E igual que el viento
susurra entre las plantas,
en el infinito silencio mido mi voz:
y me subyuga lo eterno, y las estaciones
muertas,
y la presente y viva, con toda su sonoridad.
Y naufragar me es dulce en este mar.”
Sin esta profundísima Realidad no habría nada que nos animara a salir de nosotros mismos; no habría nada que mereciera ser nombrado y, por tanto, tampoco habría nada imaginable, concebible, construible…; reinaría el caos, el vacío más absoluto como, desgraciadamente, reina en tantas cabezas perdidas en sus ausencias y elucubraciones.
Si seguimos adelante y un poco más al fondo de la superficie. Si alzamos los ojos al cielo y mensuramos su inefable profundidad, y después los lanzamos al horizonte cada tarde, no es sólo por capricho, sino porque ella –la Realidad- coqueta como es, nos invita a ser mirada; nos lanza guiños, nos lanza señales. Los más atentos dicen, incluso, que habla; y que nos convoca a cada uno, personalmente, si conocemos su idioma de signos.

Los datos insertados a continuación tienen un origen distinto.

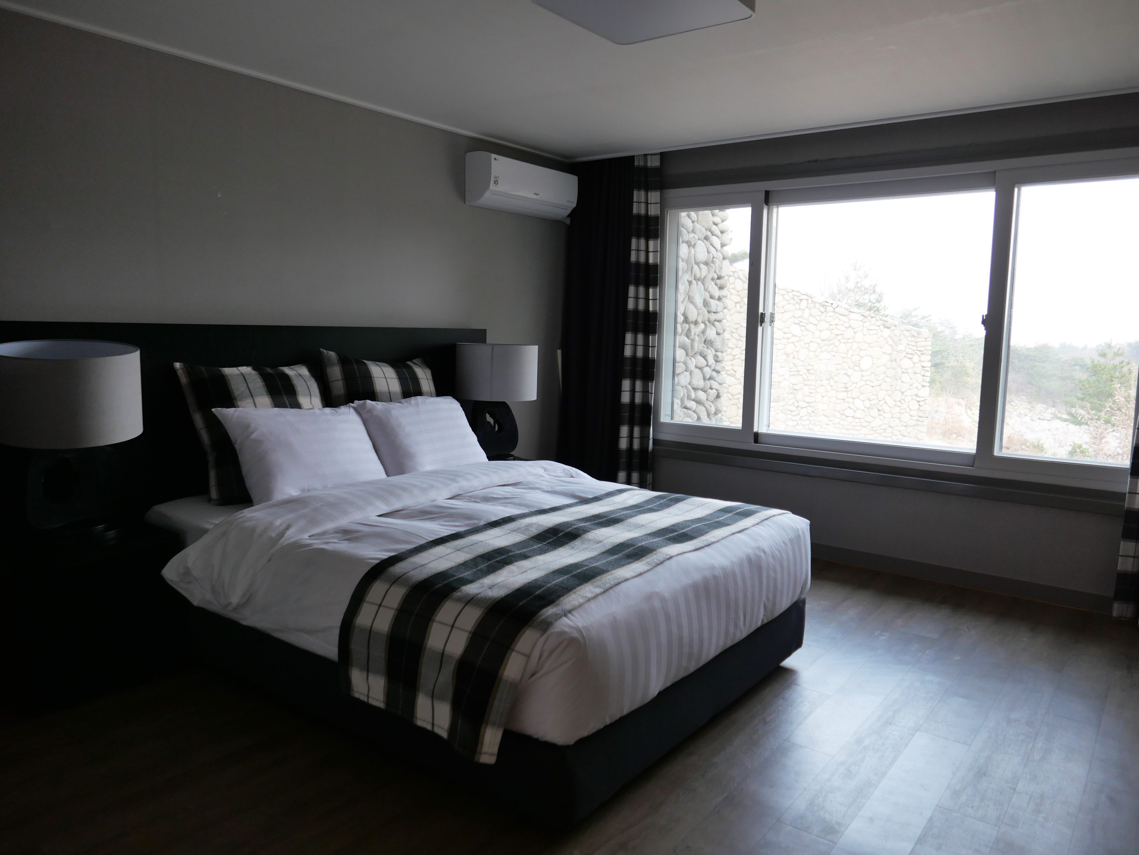 룸 크기는 적당해서 4인 가족이 사용하기에 부족하지 않다. 화장실 1개 침대방2개 온돌방 1개가 있었고.. 맞나? 아무튼 전체적으로 아주 깔끔했던 것 같다. 일반 리조트보다는 부티크호텔 같은 느낌? 그리고 주방에 각종 집기들은 기본이었고 밥솥과 전자렌지가 기본으로 있어서 좋았다. 어린 아이와 함께하는 분들이라면 아주 만족하실 듯 싶다. 전자렌지...이게 정말 크거든.

Ya lo dice Eugenio Florit, uno de tantos poetas que hablaban el mismo idioma de la Realidad, precisamente, por sus inefables signos:
“…Si vivir es bueno.
¿No sabes su ritmo?
Pregunta a los árboles
su cantar. Su intranquilo
lenguaje a las estrellas.
Al ruiseñor su trino.
Verás, cuando lo sepas
-el errar de la nube y el sonido del viento-,
cómo es bella la vida.
Y un sincero optimismo
te hará escalar la cima
de la montaña.
El infinito
desplegará ante ti su velo de oro
y entonces, pobre ser descreído,
comprenderás la ciencia de la vida
y serás otro, siendo el mismo.
Como podrá comprobar el lector atento, la atención de Leopardi y de Florit al idioma de la Realidad, nos pone ante el misterio de la vida y ante las preguntas que todo hombre lleva dentro aunque no consiga formularlas como un poeta. Pero para eso están, como ya dije, los grandes maestros de los que aprender de nuevo a vivir como hombres libres. Y no hay libertad más grande que reconocer el inmenso rostro del Infinito y sus constantes llamadas a nuestro corazón.